With CoreWeave public [along with long time pals Nvidia and everybody around and in between], everyone’s watching the AI arms race play out in, well, public: new models, more parameters, bigger clusters, flashier launches[, and, of course, IPOs]. The spotlight has been on training, and for good reason—it’s foundational, expensive, and still scaling like crazy. But while training remains massive and gets more massive[r], inference is already bigger; and, growing bigger[er].

Inference is where the model meets the user; i.e., it’s the model in production answering requests / creating content / writing code. And sometimes, this is where the model promptly forgets your name, ignores your request, and suggests something completely unhinged. [Hallucinating was hip in the 70s; now… not so much.] Still, that’s where the next wave of infrastructure battles—and value creation—is headed. And increasingly, it’s happening not (only) in the [core GPU] cloud, but at the edge.

Training got us here [so far]. [Does] inference get us paid [more]?

Let’s not bury the lede: training models is still a big deal. According to SemiAnalysis [and ChatGPT], model training spend hit $25B+ in 2023. [Human editor’s note: that link is dead, but SemiAnalysis is amazing; recommend. Also, I can’t find that 2023 number - but it’s a big number; and fwiw ChatGPT, when questioned, conceded: “various estimates peg 2023 training infra spend between $15B–$25B, depending on what you include (e.g. chip capex vs. cloud services vs. model dev).] Nvidia’s enterprise line keeps humming. And as new foundation models continue to emerge, this spend will keep climbing.

But inference? That’s already outpacing training. Nvidia, on a recent earnings call [according to ChatGPT], mentioned that over 60% of datacenter revenue is now inference. [Human: fwiw, I’ve found numbers that suggest it’s at least 40% so this may not be too far off.] And Omdia projects inference workloads will outpace training by a factor of 4x by 2026. [Human: I don’t know Omdia and that link, again, doesn’t work, but this should be, at the very least, directionally accurate. Also, hey ChatGPT, work on your links, eh?]
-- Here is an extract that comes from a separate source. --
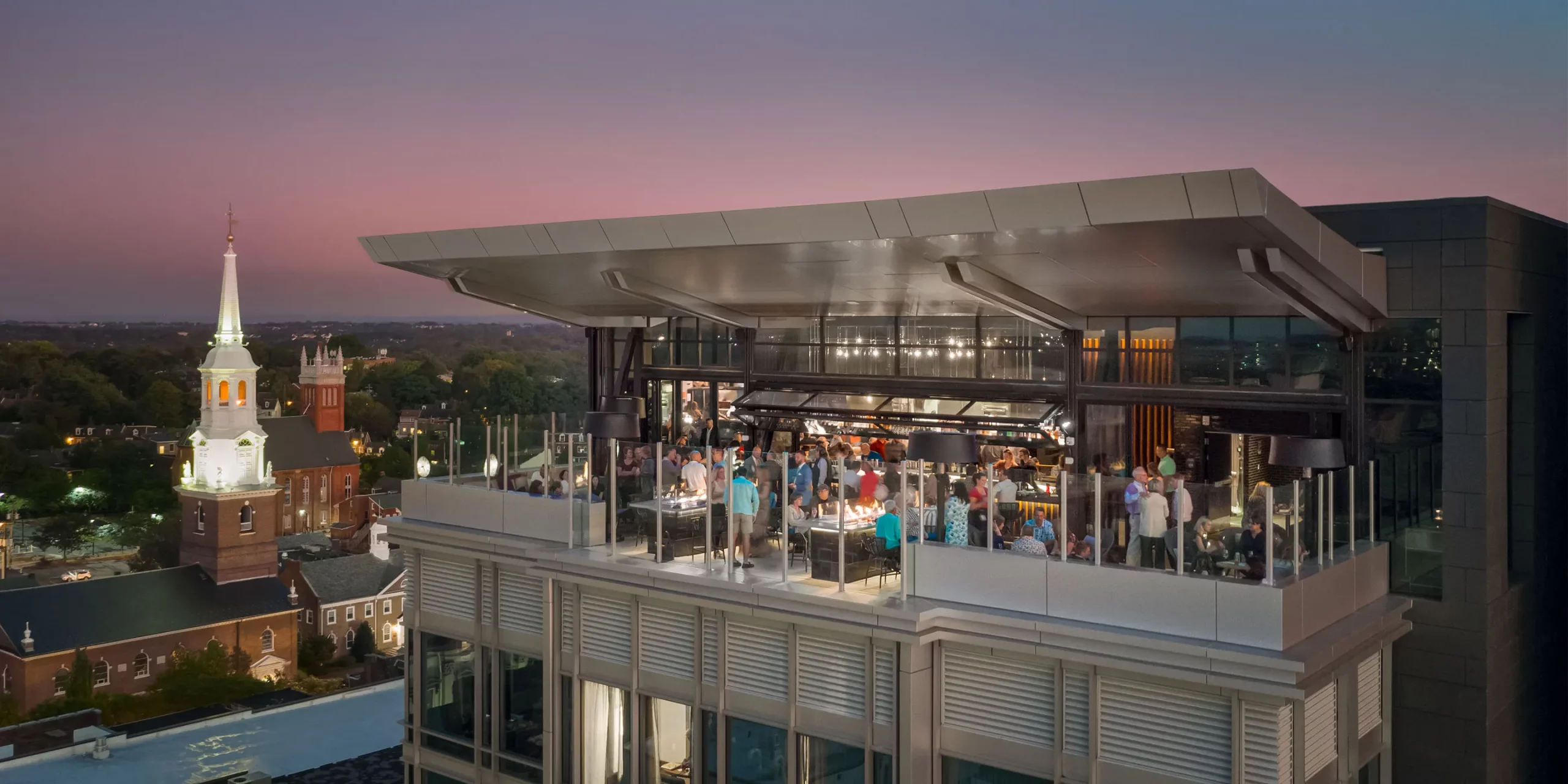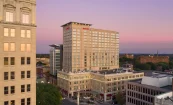 This project has garnered multiple awards as an example of creative adaptive reuse of the landmark site while also enhancing the historic and walkable character of the city. Several years later, we were asked to address a shortage of hotel rooms needed to accommodate the convention center, which is part of the city’s robust tourism sector. The 12-story addition provided an additional 110 rooms and a rooftop bar.

Why? Because inference isn’t a one-time event. It happens every time someone types a prompt, completes a checkout flow, or opens an AI-enhanced app. It’s the runtime layer. The everyday engine.

Inference is moving to[ward] the edge…

…because inference is often:

Latency-sensitive (users won’t wait).
Cost-sensitive (each query hits your wallet).
Personalization-sensitive (context lives locally).
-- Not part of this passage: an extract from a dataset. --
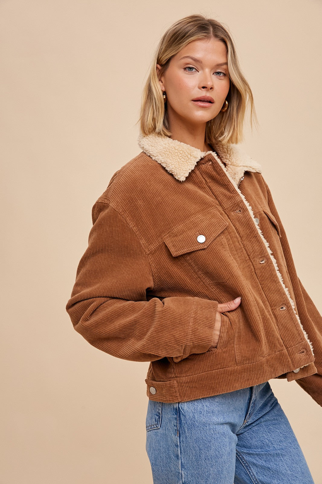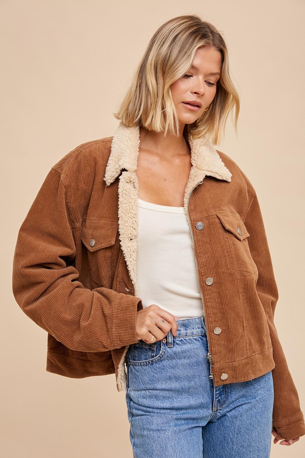 Introducing our Camel Corduroy Jacket, a stylish and cozy addition to your winter wardrobe. With a plush shearling lining, double-breasted pockets featuring metal buttons, and convenient side pockets, this jacket seamlessly blends comfort with fashion. The full zipper closure adds a modern touch to the classic design. Crafted from a durable blend of 100% cotton and 25% viscose, with a contrasting 100% polyester lining, this jacket offers both warmth and style. In a timeless camel color, it's the perfect outerwear piece.

That combo starts to make edge deployment not just viable—but [maybe] preferable [sometimes]. Cloud GPUs are still critical—but they’re not always optimal. They’re like renting a private jet to deliver a pizza. Fast? Sure. Worth it? Not unless you’re OpenAI on a [code] bender. If you’re running high-frequency inference across millions of users, network latency and egress costs pile up fast. And not every inference needs a monster model or the full might of a hyperscaler. Sometimes you just need a decent answer quickly and cheaply.
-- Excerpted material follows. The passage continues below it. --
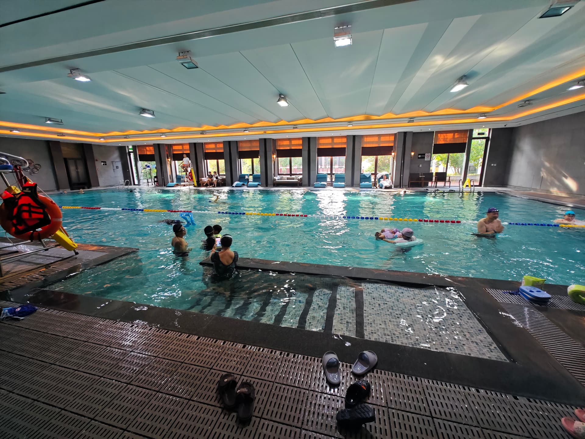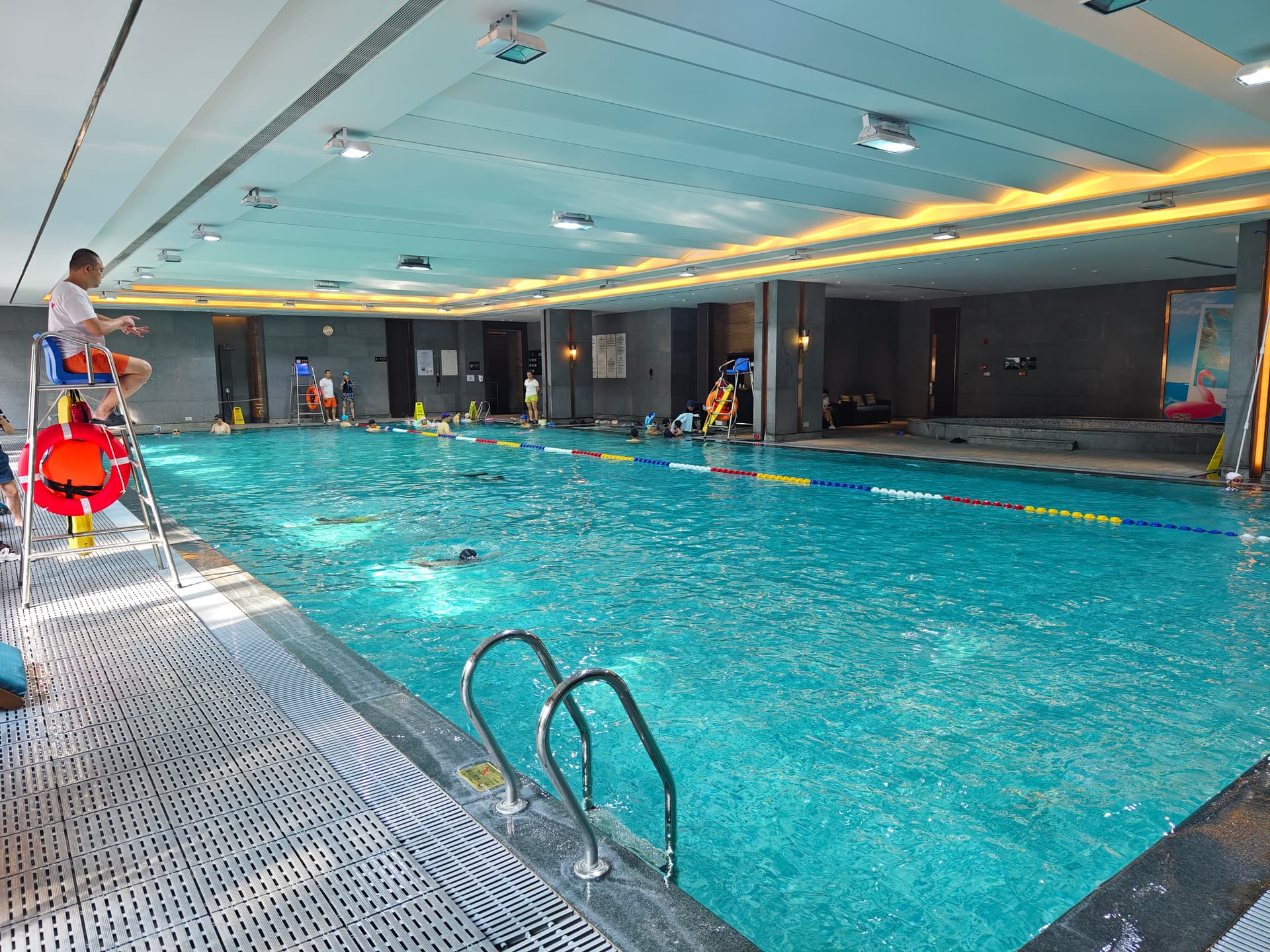 泳池的水很干净,水质柔和,水温完美。

So inference will go [more] local—out of the cloud and into CDNs, telco edge nodes, even smart devices.

But… is the edge actually cheaper and faster?

Let’s say your app runs 1 million queries/day:

In the cloud: $1,000–$10,000/month
At the edge: $100–$1,000/month

That’s a 10x cost swing, not including sneaky egress charges. [NB: For lighter models and basic inference (think autocomplete, tagging, or ranking), edge costs can run as low as $100–$1,000/month. More complex, high-volume, streaming workloads — especially those with larger models — can push edge inference toward $150K+ monthly. (See my deck draft for those cases.)]

Now latency:

Cloud inference often runs 200–400ms, including the network round-trip.
At the edge, you can get 30–50ms, and even under 10ms with caching.

In practice, total edge latency (including cold starts and TTFT) can range 25–200ms, while cloud inference can stretch past 1 second depending on model size and spin-up. But for warm-start lightweight models, edge inference often runs 5–50ms — and costs 10x less. That’s not just user-experience nice-to-have—it’s abandonment prevention.

“But latency is mostly compute—so does the edge even help?”

This pushback is real—and [at least] half true [for now]. If you’re running GPT-4 (>1T parameters) or LLaMA 70B (~100B parameters)? Yes, the compute is the bottleneck. Moving it to the edge won’t help much—and it won’t fit. But many real-world use cases don’t need frontier models.

If you’re auto-tagging images, running a voice assistant, offering real-time text suggestions, personalizing product listings… your model is probably 2B–7B parameters, and total inference time might only be 50–150ms. In those cases, network latency is often 30–70ms round trip so moving to the edge can halve response times–and skipping the trip to Oregon shaves dollars too.

It’s not that the math disappears. It’s that the math starts sooner, happens closer, and skips the Uber [X Share] ride to the GPU warehouse.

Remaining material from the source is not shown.